Passam hoje, precisamente, cem anos, Teixeira de Pascoaes escreveu, na primeira página do Diário de Lisboa, a convite do seu director Joaquim Manso, um texto sobre “a tristeza lusitana”.
Já Aquilino respondera, uns dias antes, ao desafio do Diário de Lisboa, sustentando que a tristeza portuguesa seria, “acima de tudo, literária”. Mas Aquilino é, neste olhar de há cem anos, o autor de uma prosa da semana passada, mesmo se aos olhos de muitos de nós o seu olhar transporta mais futuro que o do poeta do Marão. Dispensemos etiquetas apressadas.
No texto com que saúda um novo ano na primeira página de um jornal de Lisboa, o autor de “A Arte de Ser Português” não está com floreados, estilísticos ou filosóficos. Vai ao ponto preciso, ao mesmo preciso ponto que irmana, num poema das “Elegias”, os olhos “em lágrimas, beijando a terra” ao seu “espírito a sorrir”.

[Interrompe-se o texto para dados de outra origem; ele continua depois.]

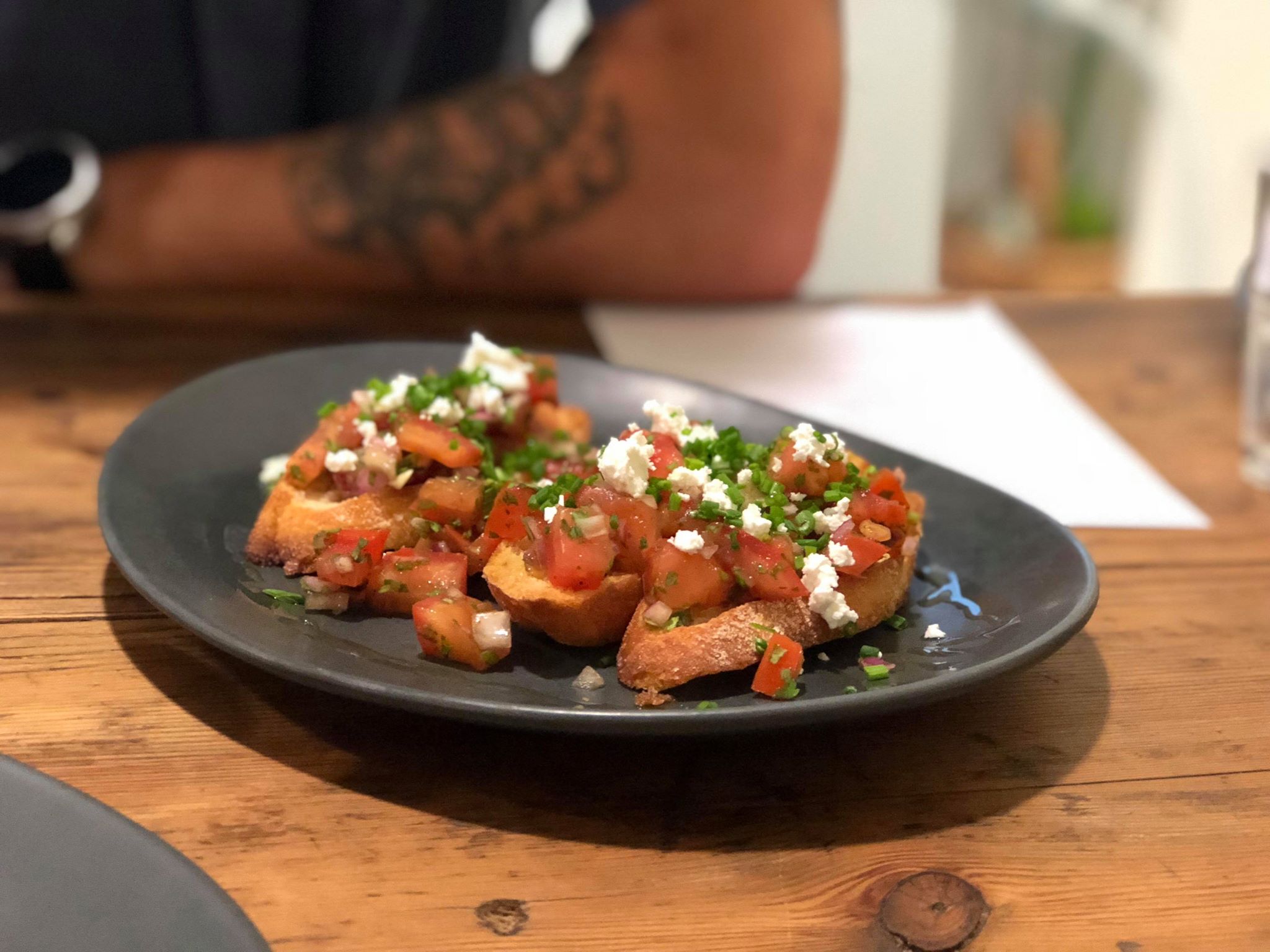 Our first courses included mouth-watering Mushroom Arancini served with house spinach and garlic dip, and an Italian-style Bruschetta, featuring fresh tomato, red onion, basil, Danish feta, and a balsamic glaze on a rustic sourdough baguette.

Assim o imaginamos na solidão contemplativa do Marão, por mais que ilustres amigos o visitem.
No artigo de há cem anos, Pascoaes faz a vénia a Bernardim e ao Nobre e logo nos confronta com um conceito chave, o da tristeza da saudade, lembrando que a isso chamava Frei Agostinho da Cruz “luz divina”. Ora esse não seria, longe disso, para Pascoaes, um “sentimento depressivo”. No artigo breve do Diário de Lisboa, o poeta usa um traço grosso: “A saudade, síntese da lembrança e da esperança, é uma força divina da alma portuguesa; tornou-a mística e aventurosa. Devemos-lhe o Brasil e a Elegia Pastoril, a mais delicada flor da poesia europeia”.
Pascoaes pretende sublinhar, nesses dias de mudança de página sugeridos pelo calendário, que “a alma portuguesa é a alma dos seus grandes poetas representativos, D. Diniz, Bernardim, Camões, Frei Agostinho”, do mesmo passo lembrando que a tristeza da saudade aparece, com assinalável relevo, nas cantigas populares. Ora, isso há-de ser lido com subtil sagacidade, se tomarmos como pressuposto, e Teixeira de Pascoaes toma, o “acordo absoluto” que, a seus olhos, existe entre o povo e os poetas.
São estas as premissas para o remate do texto com que Teixeira de Pascoes se dirige aos leitores do Diário de Lisboa: “A tristeza lusitana é, portanto, a maior virtude da nossa raça. Foi ela que lhe deu alma e beleza; suavizou-lhe os aspectos broncos e duros, como as sombras do crepúsculo enternecem os fraguedos dos montes e a ramagem esqueléticas das árvores”.
Um texto desta natureza pede tudo menos a resposta a perguntas de almanaque, cuidando de saber se o ano que termina deixou saudades. Saudemos o que lá venha, com céptico desvelo. Quase adivinhando o que um tal José de Almada Negreiros há-de escrever, no mesmo jornal, daqui a quatro dias de há cem anos, sobre o mesmo tema: “Para nós, Portugueses, o único caminho que vai desde a tristeza até à alegria chama-se Saudade: a Saudade do que já passou e a Saudade do que há-de vir”.
Entretanto, regressemos, em havendo tempo, e não havendo façamos com que haja, à alegria, triste que seja, da obra de Pascoaes, e no fio que puxarmos, possam vir Bernardim, Camões, Frei Agostinho, Almada. E Aquilino, claro.